Там все было как и должно: проникновенные речи учителей и чем дальше, тем все более пронзительные они становились. Оказывается, что все ученики им дороги, что каждый, даже самый ненавистный подлец в классе – это неграненый алмаз, и были то они едва ли не лучшим выпуском за всю историю школы и… Короче все было как всегда, а потом, когда учителя уже чуть поднабрались, да и родители от них не особо отстали, вчерашние школьники стали доставать из хитрых заначек водку, кто-то выпрыгнул в окно на первом этаже и рысью припустился к ближайшему магазинчику, кто-то и вовсе нагло тырил початые бутылки со «взрослого» стола – процесс пошел. Были танцы, пара конкурсов, потом снова танцы, в ритм музыки мерцал свет, метались отблески древнего зеркального шара из под потолка. Неплохо все было, в целом не так уж и плохо. Но все же было тоскливо, особенно когда включали медляки. Толик тогда смотрел на Катю, а она на него не смотрела. Уже ближе к утру, когда ночь была особенно темна, он решился, он подошел к ней и, не глядя, спросил:
- Хочешь… Можно тебя пригласить.
- Не надо.
- Пожалуйста. – протянул руку, он чувствовал как мелко дрожат его пальцы. – Катя.
- Один танец. И всё, я про тебя забыла. Больше никогда ты…
- Да, - перебил он ее, - один танец и все, и больше никогда. Обещаю.
Она взяла его руку.
Звучала «Color of the night», свет был погашен, только тонкие нити света от зеркального шара кружились по залу, по танцующим парам. Они вошли в круг танцующих. Толик трепетно, осторожно, обхватил Катю за талию, другая его рука чувствовала ее ладонь, он отсчитывал эти дурацкие «раз-два-три» в голове и пытался ставить ноги так, как его учила мама, но все одно – сбивался, стоило ему только посмотреть ей в глаза, а в глаза ей он смотрел постоянно.
- Катя. – спросил он негромко.
- Танцуй. – она нахмурилась. – Мы только танцуем.
- Ты помнишь Лешу?
- Да.
- Вы с ним гуляли?
- Нет. Просто говорили. Не надо, Толик. – она чуть сжала его руку, - Не надо.
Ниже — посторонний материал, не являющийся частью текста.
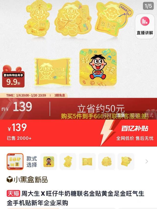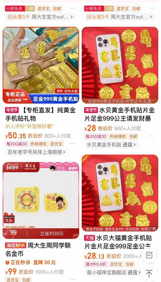 通过检索电商平台发现,黄金贴纸的项目各类且销售火爆,其中还不乏周大生、老凤祥等着名品牌店铺在售卖,价钱上从二三十元到一百多元不等。
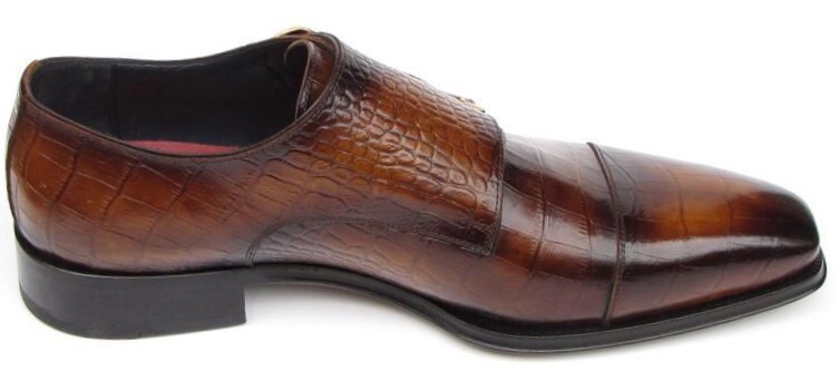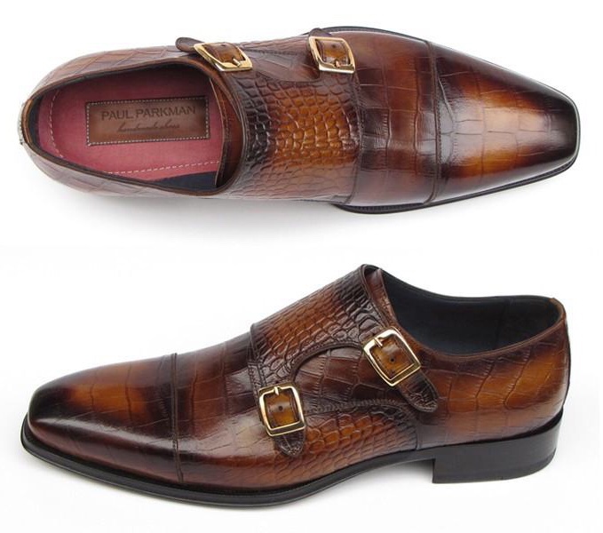 Paul Parkman Men’s Brown Burnished Hand-Painted Crocodile Embossed Calfskin Double Monkstrap

Толик замолчал. Они танцевали и он не замечал, как полумрак вокруг них начинает сгущаться, он не слышал, как шепот теней становится все настойчивее, все громче – не замечал – он ничего не замечал. Он видел ее губы, нежные, чуть дрожащие, он видел, чувствовал, как она дышит, и прижимал он ее к себе все сильнее, чувствуя ее уже не только рукой, но и телом… А потом он подался вперед и она не отстранилась, она тоже потянулась к нему и губы их соприкоснулись и наступила тьма. В одно мгновение погас свет, но музыка продолжила играть во Тьме и только сейчас они, и он, и Катя услышали шепот. Темнота сдавила их, смяла, Толик чувствовал, как она острыми коготками цепляется за его костюм, за руки, за лицо, и рвет, и царапается как взбешенная, и слышал как Катя заголосила, и он вырывался, орал что-то, кричал: «Перестань! Уйди! Я тебя ненавижу!» - но Тьма не унималась, и музыка звучала, казалось, еще громче, еще ярче, будто пытаясь придавить к лакированному полу его и Катины крики.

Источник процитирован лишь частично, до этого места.